- Nickname: Ernesto Báez
- Born: 9 May 1955 Aguadas, Colombia
- Died: 19 November 2019 (aged 64) Medellín, Colombia
- Allegiance: United Self-Defense Forces of Colombia (AUC) Paramilitarism Narcotrafficking
- Rank: Bloc commander
- Unit: Bolivar Central Bloc

= Ernesto Báez =

Colombian politician (1955-2019)

Iván Roberto Duque Gaviria Ernesto Báez (May 9, 1955 – November 19, 2019) was a Colombian paramilitary leader and onetime member of the demobilized United Self-Defense Forces of Colombia (AUC). Duque-Gaviria graduated as a lawyer from the Universidad de Caldas.

== Career ==
Duque Gaviria began his career as a member of the Colombian Liberal Party. He was democratically elected as Mayor of the municipality of La Merced and later worked for the Empresas Públicas de Manizales. In 1982 founded the Asociación Campesina de Ganaderos y Agricultores del Magdalena Medio, ACDEGAM (Ranchers and Farmers of the Middle Magdalena Peasant Association) in Puerto Boyaca presumably as a facade for the creation of paramilitary groups in the troubled region. Duque Gaviria became an adviser to this organization and was later arrested in connection to paramilitary organizations accused by the Attorney General of Colombia. He was arrested and imprisoned at La Modelo Maximum Security Prison under assassination and confirmation of illegal paramilitary groups charges.

==AUC commander==

After being released from jail Duque met with Peasant Self-Defense Forces of Córdoba and Urabá, Carlos Castaño who was at that time developing the United Self-Defense Forces of Colombia (AUC). Duque joined him and went clandestine under the alias "Ernesto Baez". Castaño and Baez decided to create a major group for the Middle Magdalena Region called "Bolivar Central Bloc (Bloque Central Bolívar, BCB) with Baez as commander. After some time of cordiality between Castaño and Baez their views towards each other deteriorated to the point of becoming enemies.

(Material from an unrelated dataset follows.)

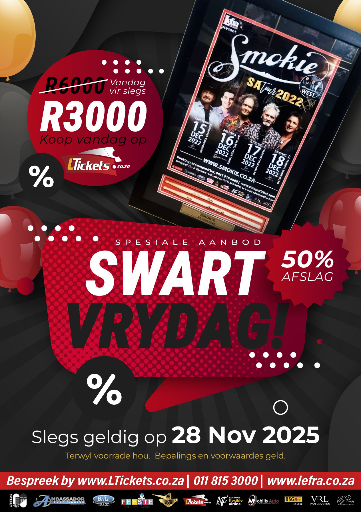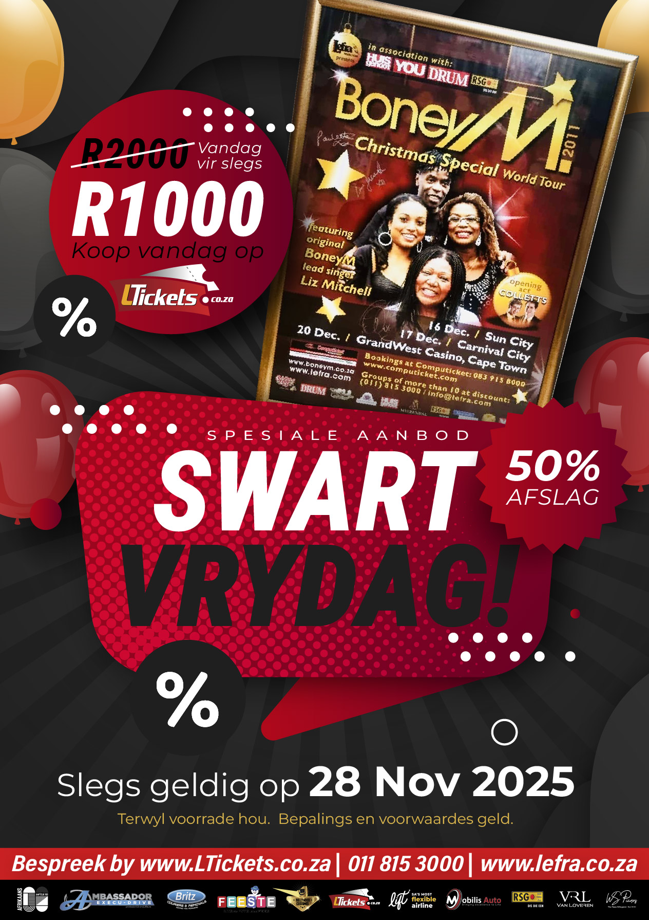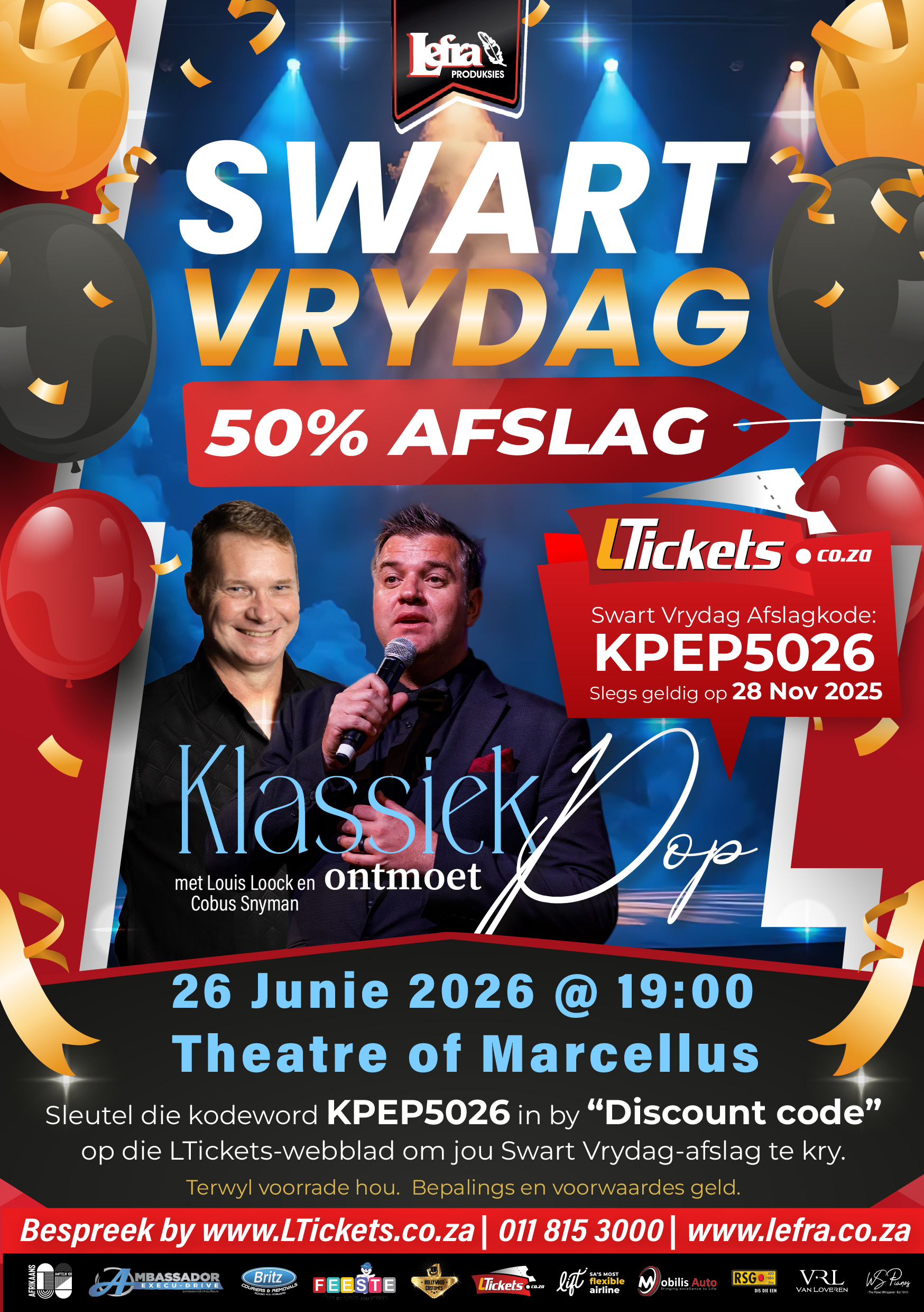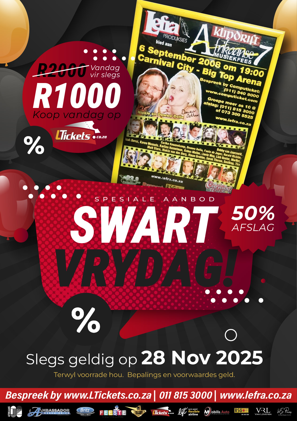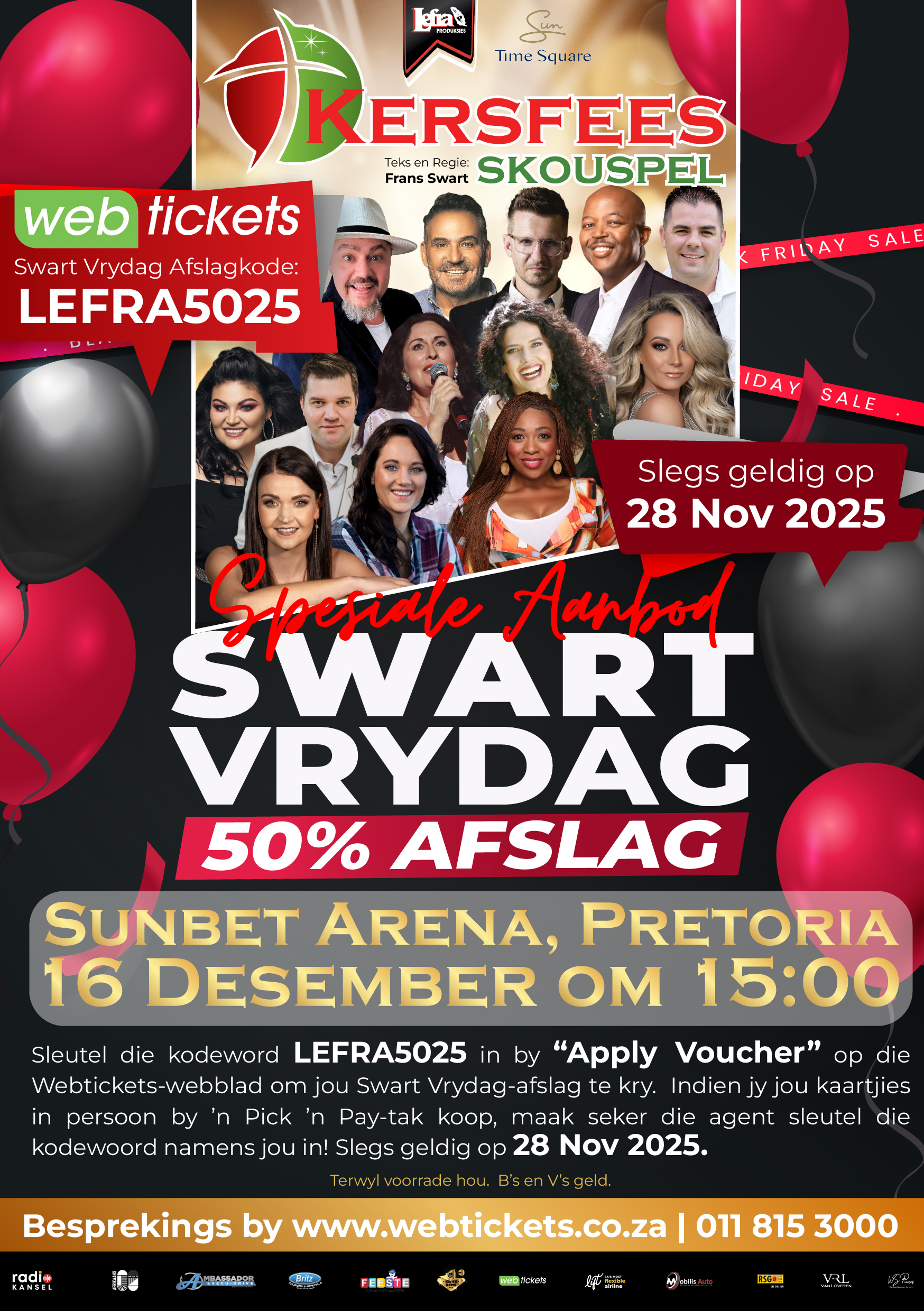 Kry jou kaartjies op Swart Vrydag (28 November 2025 tot 24:00) teen ongelooflike afslag op jou gunsteling “show”!

Baez disliked how Castaño became the de facto speaker of the organization, and also had differences with another paramilitary and his affinities with Castaño, known by the alias of "Doble Cero" commander of the Metro Bloc, after the killing of two members of the BCB in 2002 in an internal cleansing. This episode led to Baez' decision to work closely with Diego Murillo Bejarano (a.k.a. "Adolfo Paz" a.k.a. "Don Berna") and Castano's brother Vicente Castaño. In 2004 Vicente ordered the assassination of his own brother Carlos and "Doble Cero".

During the AUC demobilization Baez was granted immunity and political status by the government of Colombia as member of the AUC and later surrendered under the Law of Justice and Peace of Colombia. He served time in a Colombian prison for paramilitarism until 2016. On November 19, 2019 he is reported to have died of a heart attack in Medellin.